(Records to use)

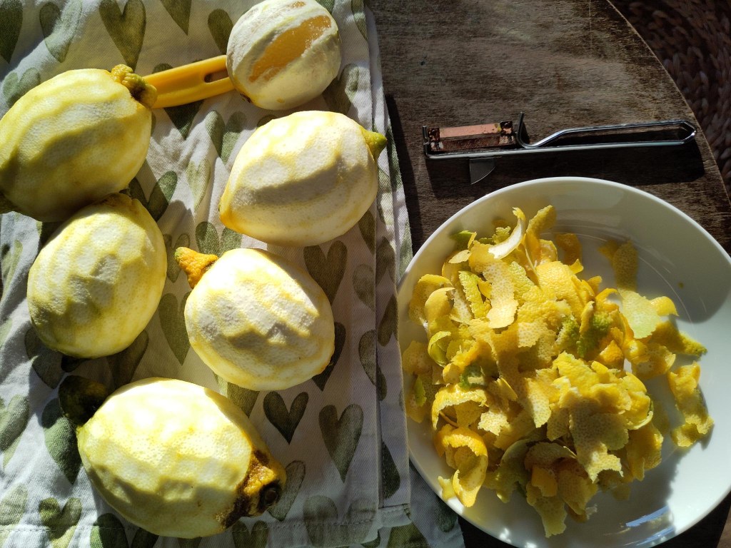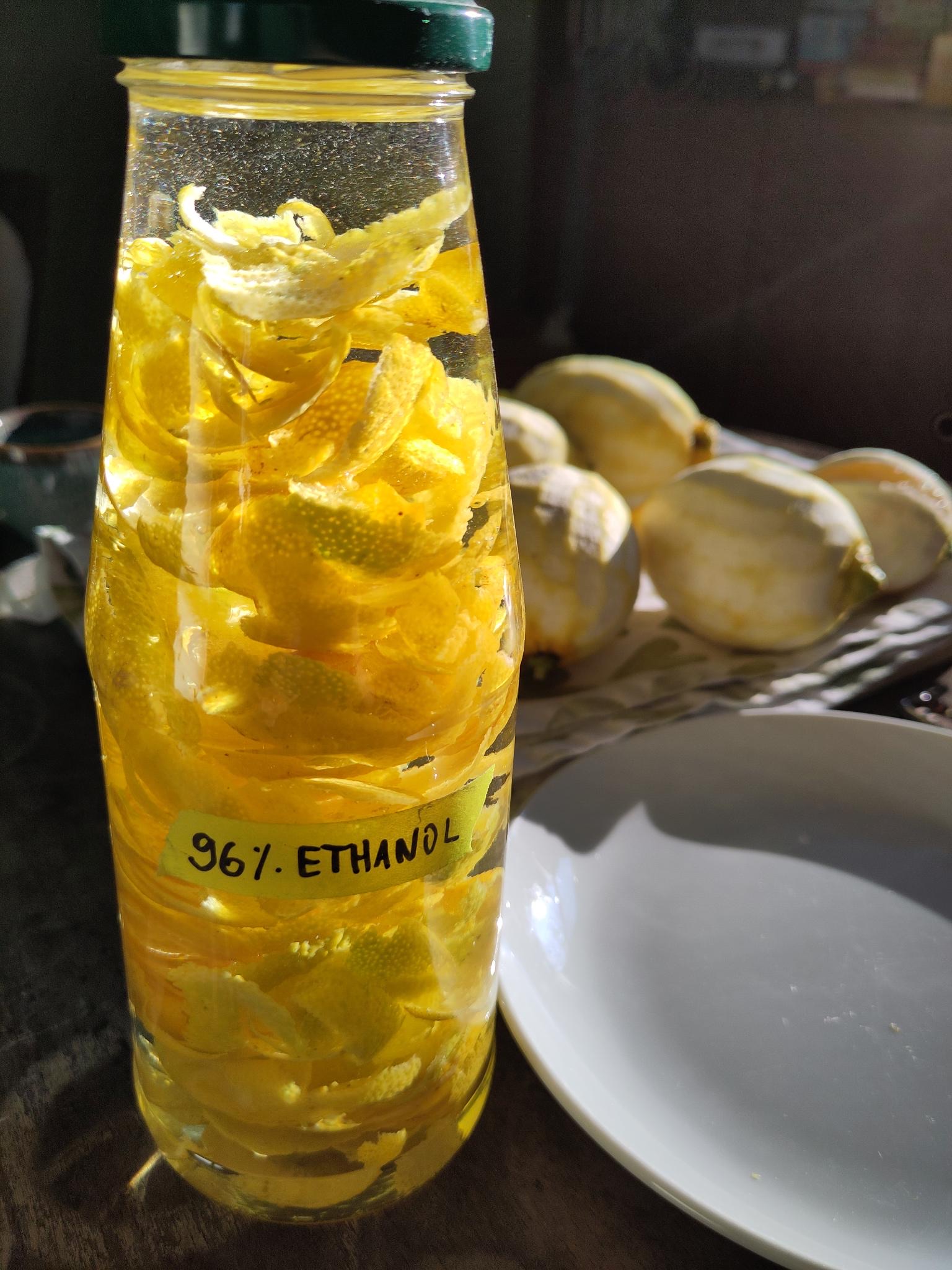 Ihr braucht: 500 ml Alkohol 96% vol. 800 ml Wasser 400 g Vollrohrzucker 6 Bio Zitronen
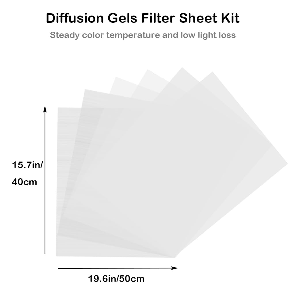 Zestaw arkuszy filtrujących żele dyfuzyjne, 40 x 50 cm, rolka dyfuzora światła do lampy błyskowej LED, 6 opakowań
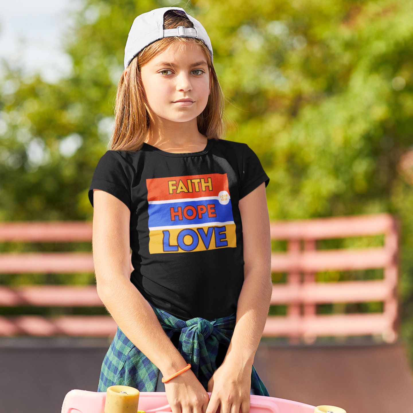 Black "Faith Hope Love - 1 Cor 13:13" girls christian t-shirt
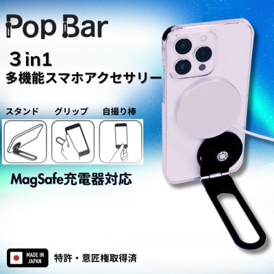 長崎県島原市からお届けするふるさと納税返礼品、「日本製多機能スマホスタンド Pop Bar 吟醸シルバー」
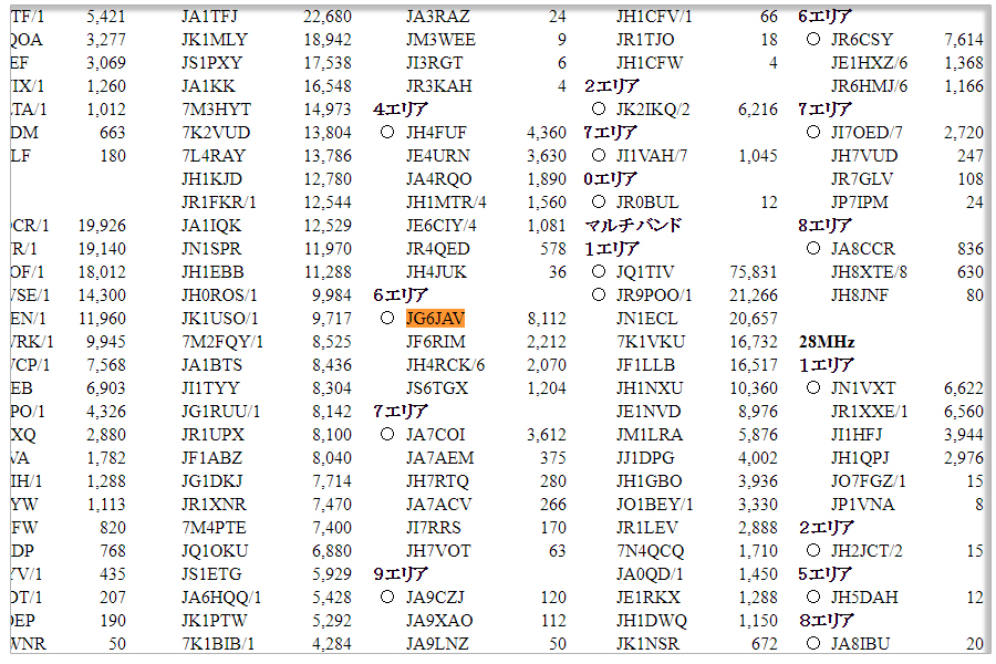 2017年5月3日に開催されたJARL東京都支部主催第39回東京コンテストの結果が発表された。弊局JG6JAVは電信21MHz6エリアで4局中1位でした。交信いただきました各局ありがとうございます。
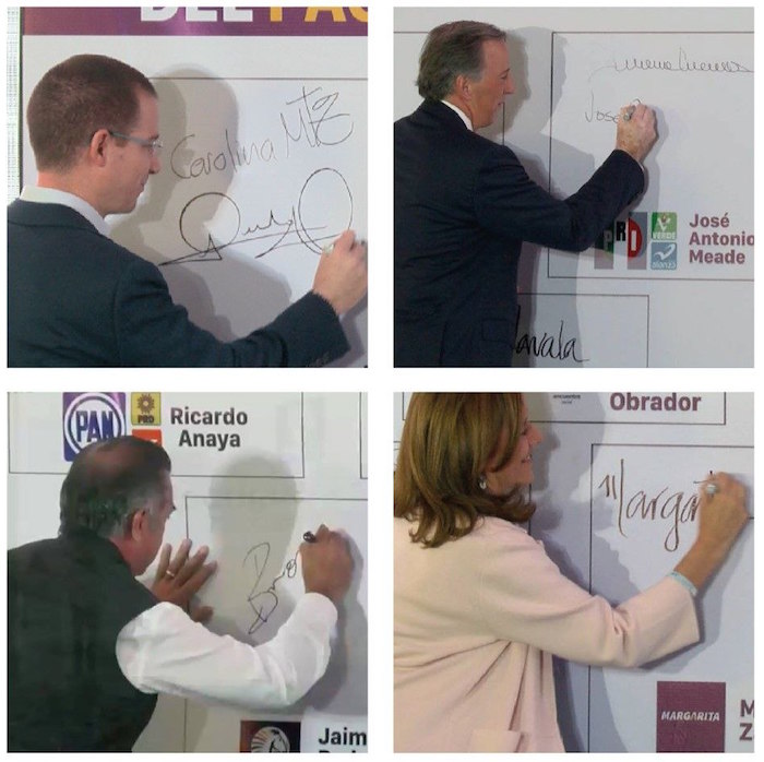 Los candidatos a la Presidencia, Jaime Rodríguez Calderón, Ricardo Anaya Cortés, Margarita Zavala y José Antonio Meade Kuribreña firmaron el Pacto por la Primera Infancia que incluye diez compromisos y cinco condiciones estructurales para que más de 12 millones de niños de 0 a 5 años reciban una adecuada nutrición, seguridad, protección, aprendizaje y cuidado cariñoso.

(Instructions for the task) Give again, word for word, the lines from the one containing "Zestaw arkuszy filtrujących" through the last line of the entries, with pictures omitted and nothing added.

(Response area)
 Zestaw arkuszy filtrujących żele dyfuzyjne, 40 x 50 cm, rolka dyfuzora światła do lampy błyskowej LED, 6 opakowań
 Black "Faith Hope Love - 1 Cor 13:13" girls christian t-shirt
 長崎県島原市からお届けするふるさと納税返礼品、「日本製多機能スマホスタンド Pop Bar 吟醸シルバー」
 2017年5月3日に開催されたJARL東京都支部主催第39回東京コンテストの結果が発表された。弊局JG6JAVは電信21MHz6エリアで4局中1位でした。交信いただきました各局ありがとうございます。
 Los candidatos a la Presidencia, Jaime Rodríguez Calderón, Ricardo Anaya Cortés, Margarita Zavala y José Antonio Meade Kuribreña firmaron el Pacto por la Primera Infancia que incluye diez compromisos y cinco condiciones estructurales para que más de 12 millones de niños de 0 a 5 años reciban una adecuada nutrición, seguridad, protección, aprendizaje y cuidado cariñoso.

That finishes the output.